Using UV (Recommended)

Install the CNV module and its dependencies:

pip install ugbio-cnv

Pre-built docker image can be downloaded from Dockerhub: ultimagenomics/ugbio_cnv

Available Tools

CNV Processing

`process_cnmops_cnvs`

Process CNV calls in BED format from cn.mops and ControlFREEC: filter by length and low-complexity regions, annotate, and convert to VCF format.

process_cnmops_cnvs \
  --input_bed_file cnmops_calls.bed \
  --cnv_lcr_file ug_cnv_lcr.bed \
  --min_cnv_length 10000 \
  --intersection_cutoff 0.5 \
  --out_directory ./output

Key Parameters:

--input_bed_file - Input BED file from cn.mops
--cnv_lcr_file - UG-CNV-LCR BED file for filtering low-complexity regions (see workflows for the BED)
--min_cnv_length - CNVs below this length will be marked (default: 10000)
--intersection_cutoff - Overlap threshold with the cnv lcr(default: 0.5)

Combining CNV Calls

Tools for combining and analyzing CNV calls (currently implemented combining of CNV calls from cn.mops and CNVPytor) are all aggregated under CLI interface combine_cnmops_cnvpytor_cnv_calls. This CLI contains the following tools - each can also be called by a standalone script:

    concat              Combine CNV VCFs from different callers (cn.mops and cnvpytor)
    filter_cnmops_dups  Filter short duplications from cn.mops calls in the combined CNV VCF
    annotate_gaps       Annotate CNV calls with percentage of gaps (Ns) from reference genome
    annotate_regions    Annotate CNV calls with region annotations from BED file
    merge_records       Merge adjacent or nearby CNV records in a VCF file

`concat`

Concatenate CNV VCF files from different callers (cn.mops and CNVpytor) into a single sorted and indexed VCF. The tool adds "source" tag for each CNV

combine_cnv_vcfs \
  --cnmops_vcf cnmops1.vcf cnmops2.vcf \
  --cnvpytor_vcf cnvpytor1.vcf cnvpytor2.vcf \
  --output_vcf combined.vcf.gz \
  --fasta_index reference.fasta.fai \
  --out_directory ./output

`annotate_regions`

Annotate CNV calls with custom genomic regions that they overlap. The BED is expected to contain |-separated names of regions in the fourth column. The annotation is added to the info field under tag REGION_ANNOTATION

annotate_regions \
  --input_vcf calls.vcf.gz \
  --output_vcf annotated.vcf.gz \
  --annotation_bed regions.bed

`annotate_gaps`

Annotate CNV calls with percentage of Ns that they cover.

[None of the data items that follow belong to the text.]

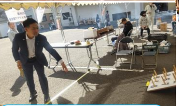
地区老連担当 ワナゲでは市長も挑戦
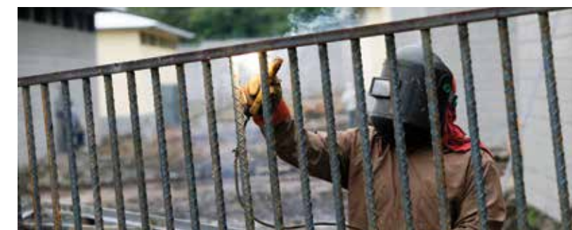
El Presidente Hernández aprobó la construcción de cinco nuevos centros penitenciarios en diferentes puntos del país.
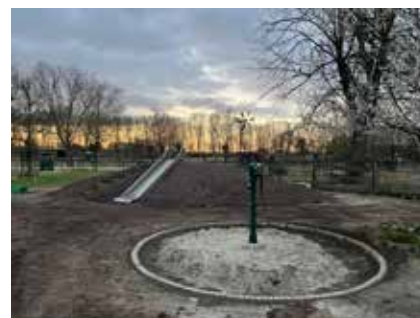
de nieuwe speeltuin

Adds an info tag GAPS_PERCENTAGE

annotate_gaps \
  --calls_vcf calls.vcf.gz \
  --output_vcf annotated.vcf.gz \
  --ref_fasta Homo_sapiens_assembly38.fasta

`merge_records`

Combines overlapping records in the VCF

merge_records
   --input_vcf calls.vcf.gz \
   --output_vcf calls.combined.vcf.gz \
   --distance 0

`analyze_cnv_breakpoint_reads`

Analyze single-ended reads at CNV breakpoints to identify supporting evidence for duplications and deletions. Counts of supporting evidence appear as info tags in the VCF

analyze_cnv_breakpoint_reads \
  --vcf-file cnv_calls.vcf.gz \
  --bam-file sample.bam \
  --output-file annotated.vcf.gz \
  --cushion 100 \
  --reference-fasta Homo_sapiens_assembly38.fasta

Somatic CNV Tools (ControlFREEC)

`annotate_FREEC_segments`

Annotate segments from ControlFREEC output as gain/loss/neutral based on fold-change thresholds.

annotate_FREEC_segments \
  --input_segments_file segments.txt \
  --gain_cutoff 1.03 \
  --loss_cutoff 0.97 \
  --out_directory ./output

Visualization

`plot_cnv_results`

Generate coverage plots along the genome for germline and tumor samples.

plot_cnv_results \
  --sample_name SAMPLE \
  --germline_cov_file germline_coverage.bed \
  --tumor_cov_file tumor_coverage.bed \
  --cnv_file cnv_calls.bed \
  --out_directory ./plots

`plot_FREEC_neutral_AF`

Generate histogram of allele frequencies at neutral (non-CNV) locations.

plot_FREEC_neutral_AF \
  --input_file neutral_regions.txt \
  --sample_name SAMPLE \
  --out_directory ./plots

Dependencies

The module depends on:

Python 3.11+
ugbio_core - Core utilities from this workspace
CNVpytor (1.3.1) - Python-based CNV caller
cn.mops (R package) - Bayesian CNV detection
Bioinformatics tools: samtools, bedtools, bcftools
R 4.3.1 with Bioconductor packages

Key R Scripts

The module includes R scripts in the cnmops/ directory. They are used by cn.mops pipeline and are not intended for standalone usage.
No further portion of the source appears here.